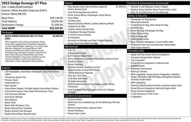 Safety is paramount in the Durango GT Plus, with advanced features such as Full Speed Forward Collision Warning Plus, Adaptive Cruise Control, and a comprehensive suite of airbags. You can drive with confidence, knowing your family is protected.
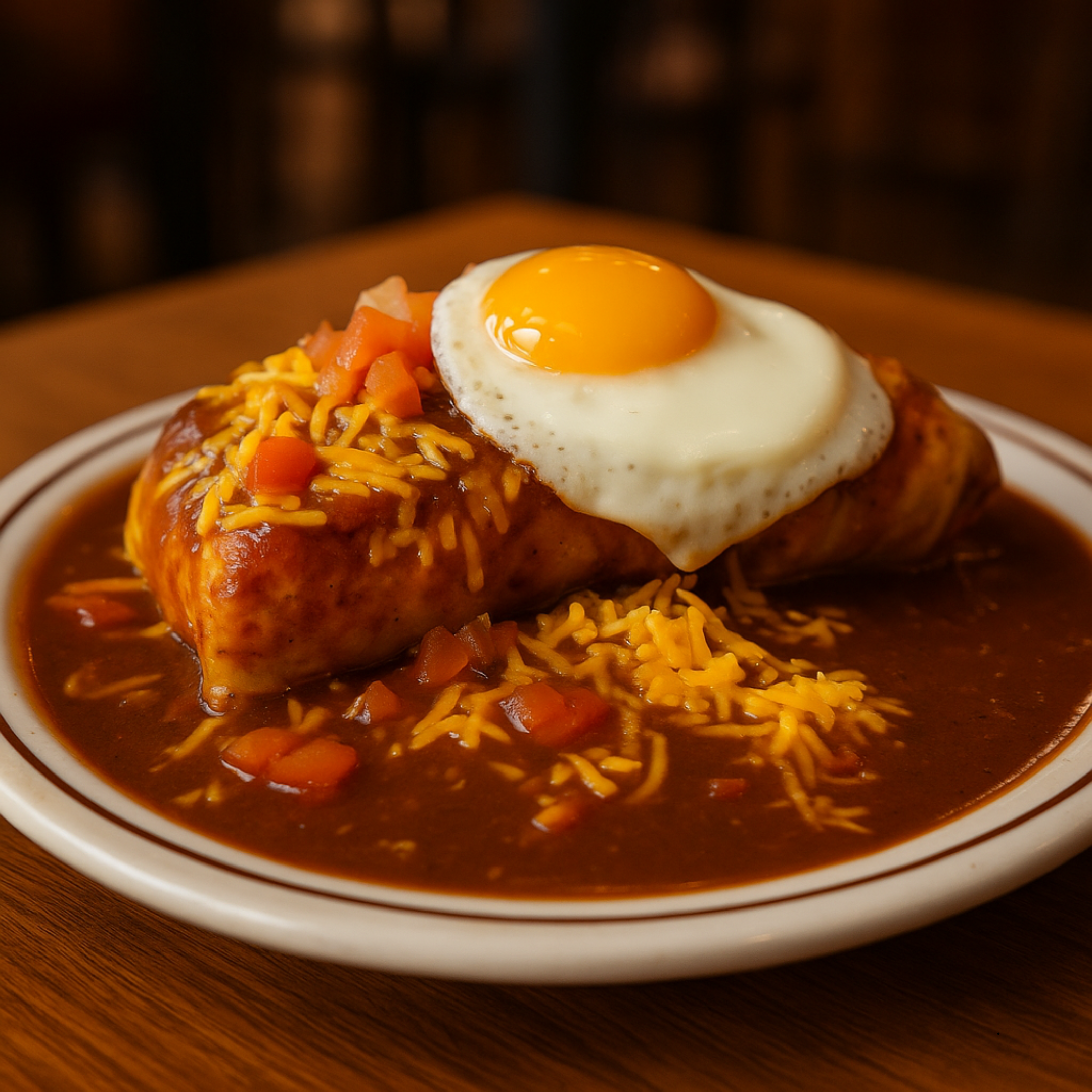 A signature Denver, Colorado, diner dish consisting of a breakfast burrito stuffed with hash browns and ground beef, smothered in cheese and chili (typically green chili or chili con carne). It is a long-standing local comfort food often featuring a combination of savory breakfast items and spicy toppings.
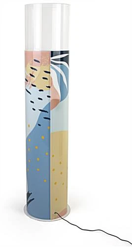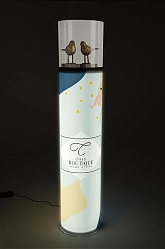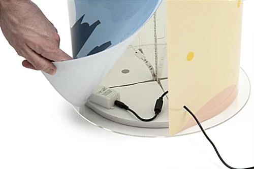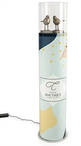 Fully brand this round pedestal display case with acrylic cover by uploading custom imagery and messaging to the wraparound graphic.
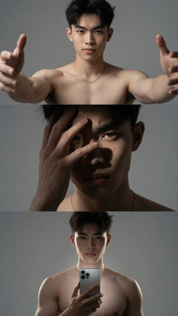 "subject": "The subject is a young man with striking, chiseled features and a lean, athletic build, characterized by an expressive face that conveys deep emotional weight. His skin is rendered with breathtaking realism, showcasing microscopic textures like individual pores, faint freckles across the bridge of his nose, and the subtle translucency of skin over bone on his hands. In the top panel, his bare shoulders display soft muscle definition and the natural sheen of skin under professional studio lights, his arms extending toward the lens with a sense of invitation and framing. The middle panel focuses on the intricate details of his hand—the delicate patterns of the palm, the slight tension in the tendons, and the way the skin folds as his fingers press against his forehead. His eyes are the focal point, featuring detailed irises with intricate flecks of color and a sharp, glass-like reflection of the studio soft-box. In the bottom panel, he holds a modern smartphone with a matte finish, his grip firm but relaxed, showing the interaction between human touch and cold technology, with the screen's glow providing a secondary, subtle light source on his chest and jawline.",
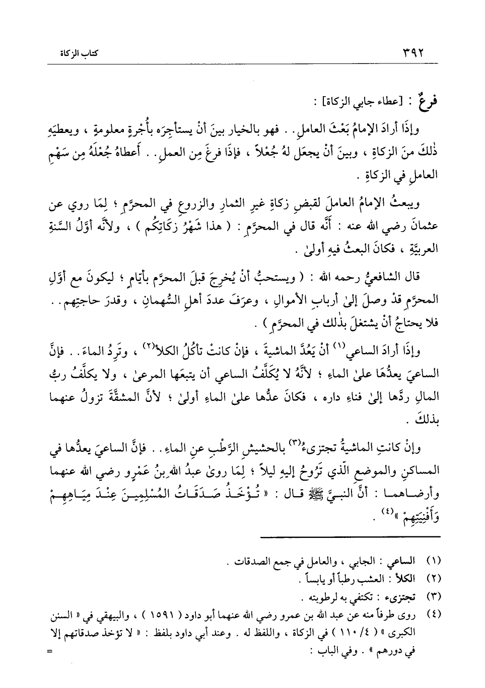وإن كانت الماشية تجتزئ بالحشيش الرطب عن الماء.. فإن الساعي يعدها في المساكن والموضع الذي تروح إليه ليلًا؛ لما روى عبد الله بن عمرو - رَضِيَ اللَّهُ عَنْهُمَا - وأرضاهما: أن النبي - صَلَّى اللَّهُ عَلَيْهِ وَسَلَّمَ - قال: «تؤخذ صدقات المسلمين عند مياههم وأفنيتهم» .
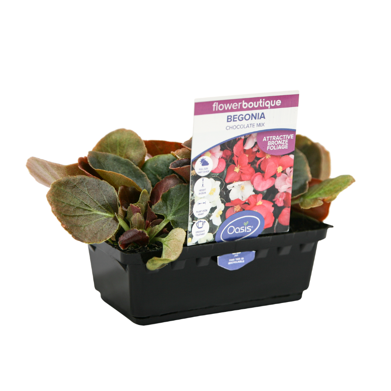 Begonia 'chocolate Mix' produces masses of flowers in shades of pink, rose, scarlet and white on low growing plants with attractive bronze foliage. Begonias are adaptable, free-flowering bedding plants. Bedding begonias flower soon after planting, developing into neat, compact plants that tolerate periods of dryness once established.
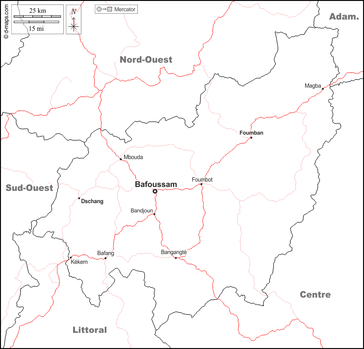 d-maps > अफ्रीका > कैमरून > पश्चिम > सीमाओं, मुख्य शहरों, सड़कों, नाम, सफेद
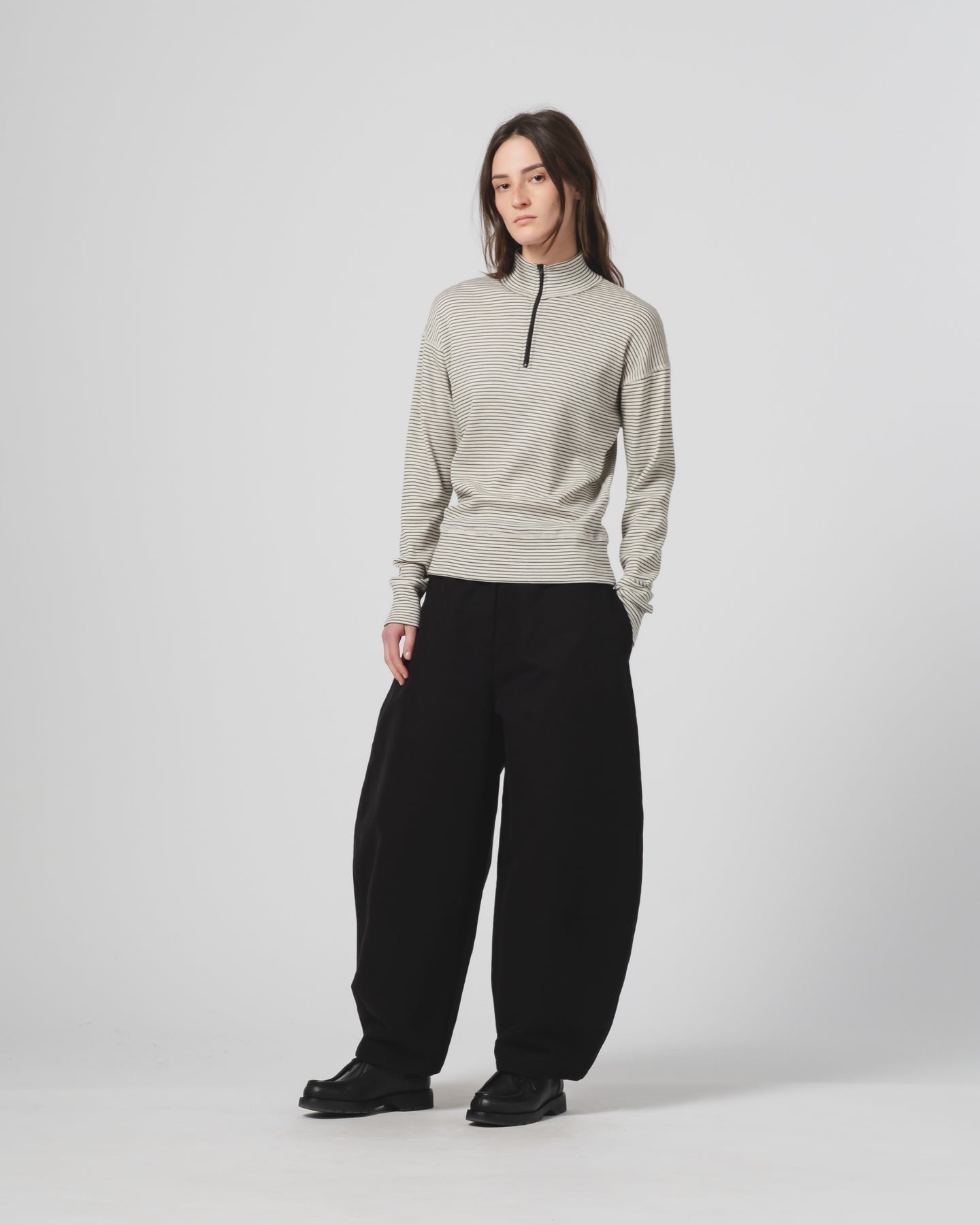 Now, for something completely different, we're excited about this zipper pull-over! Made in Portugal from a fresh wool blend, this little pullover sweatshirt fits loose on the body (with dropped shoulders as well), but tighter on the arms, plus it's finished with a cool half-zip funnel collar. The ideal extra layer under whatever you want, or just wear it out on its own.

---

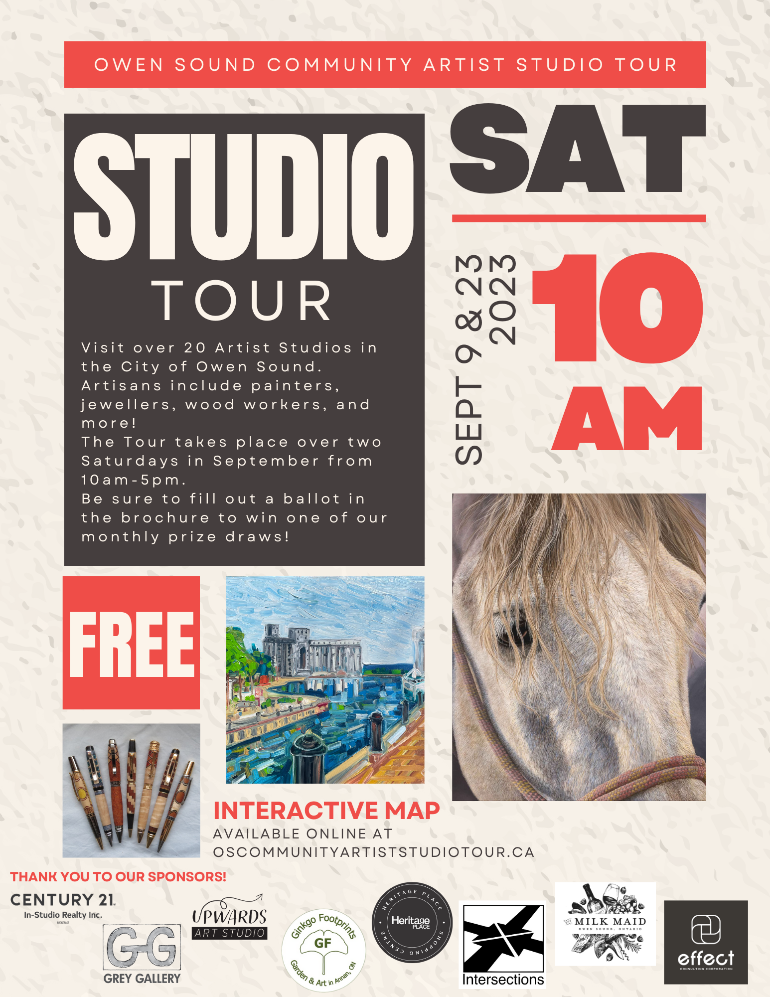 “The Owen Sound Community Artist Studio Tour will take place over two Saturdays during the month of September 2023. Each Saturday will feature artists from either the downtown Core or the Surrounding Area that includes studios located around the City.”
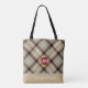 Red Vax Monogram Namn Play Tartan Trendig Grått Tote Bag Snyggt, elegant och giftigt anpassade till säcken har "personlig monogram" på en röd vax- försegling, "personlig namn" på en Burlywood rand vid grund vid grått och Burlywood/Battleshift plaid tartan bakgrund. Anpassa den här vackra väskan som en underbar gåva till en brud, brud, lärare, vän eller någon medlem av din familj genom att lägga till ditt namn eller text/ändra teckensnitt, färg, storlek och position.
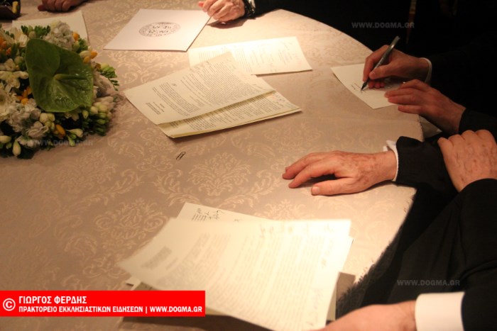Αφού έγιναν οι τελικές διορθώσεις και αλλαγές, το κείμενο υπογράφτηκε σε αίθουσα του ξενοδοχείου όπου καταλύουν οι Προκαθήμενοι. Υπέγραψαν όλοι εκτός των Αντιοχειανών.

...

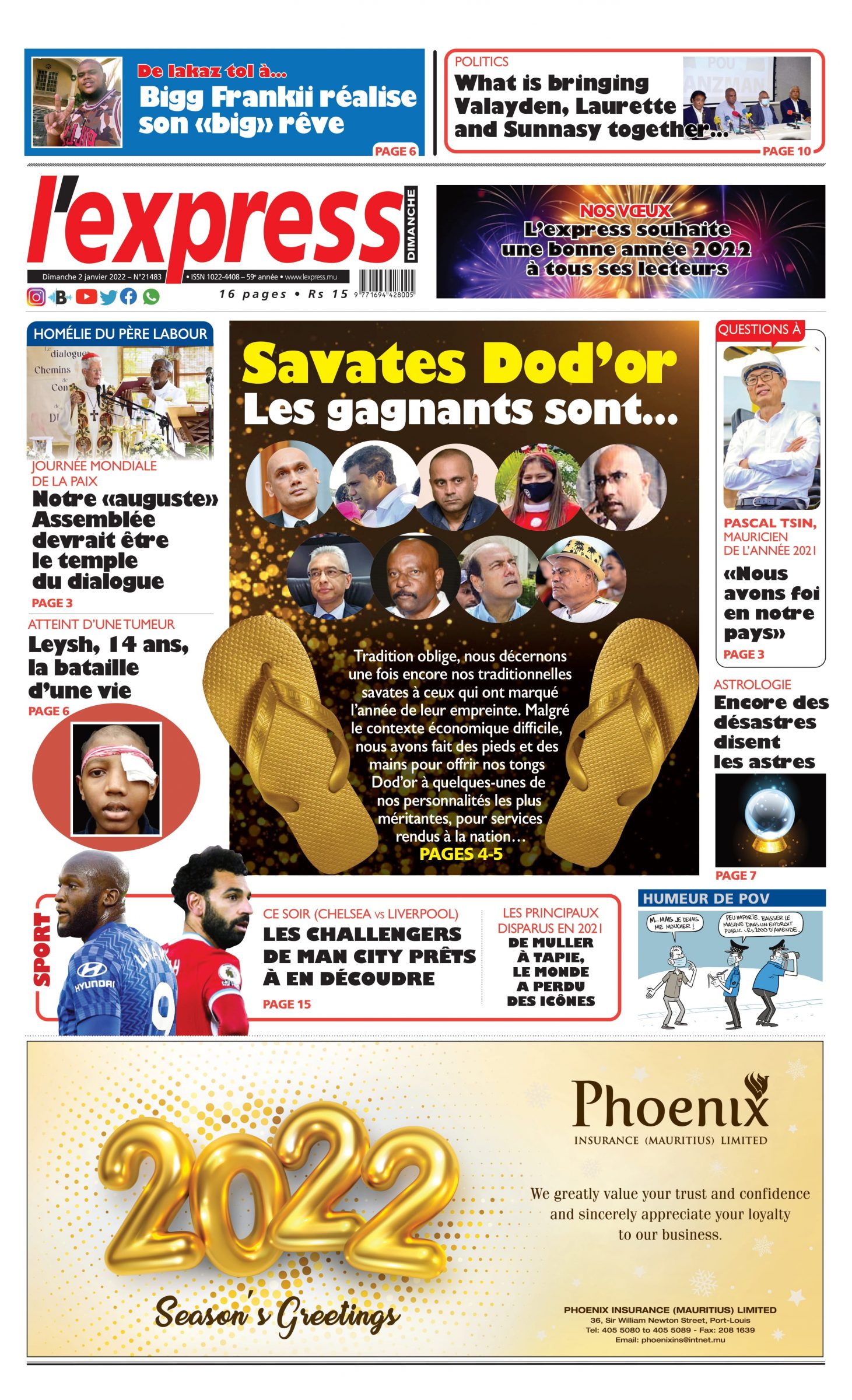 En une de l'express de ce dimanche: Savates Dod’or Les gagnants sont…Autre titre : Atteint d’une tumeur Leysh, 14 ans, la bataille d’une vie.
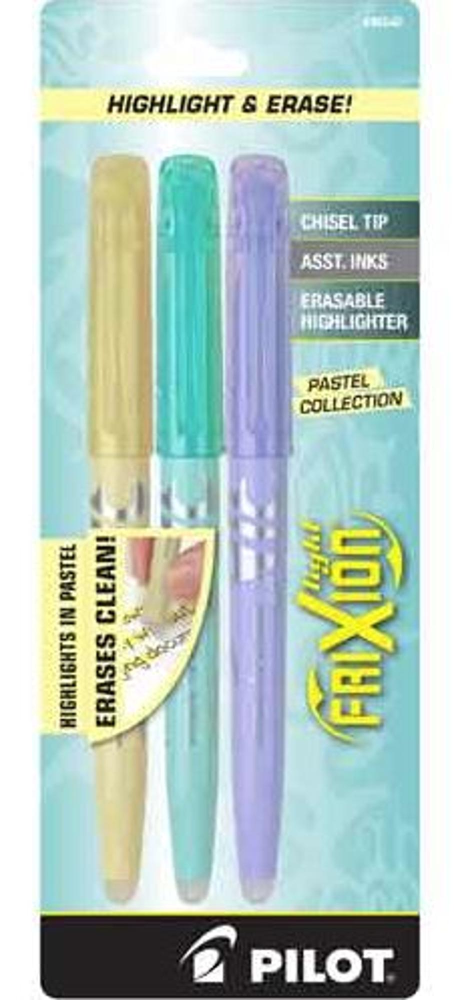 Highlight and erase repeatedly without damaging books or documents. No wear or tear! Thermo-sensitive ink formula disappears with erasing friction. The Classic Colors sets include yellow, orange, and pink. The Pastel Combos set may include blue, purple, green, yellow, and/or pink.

▶ _Problem statement_:
Print, exactly and with no pictures, the lines of the listing above starting at the one that has "Red Vax Monogram" and ending at the one that has "Αφού έγιναν οι", both included.

▶ _Exercise response_:
 Red Vax Monogram Namn Play Tartan Trendig Grått Tote Bag Snyggt, elegant och giftigt anpassade till säcken har "personlig monogram" på en röd vax- försegling, "personlig namn" på en Burlywood rand vid grund vid grått och Burlywood/Battleshift plaid tartan bakgrund. Anpassa den här vackra väskan som en underbar gåva till en brud, brud, lärare, vän eller någon medlem av din familj genom att lägga till ditt namn eller text/ändra teckensnitt, färg, storlek och position.
Αφού έγιναν οι τελικές διορθώσεις και αλλαγές, το κείμενο υπογράφτηκε σε αίθουσα του ξενοδοχείου όπου καταλύουν οι Προκαθήμενοι. Υπέγραψαν όλοι εκτός των Αντιοχειανών.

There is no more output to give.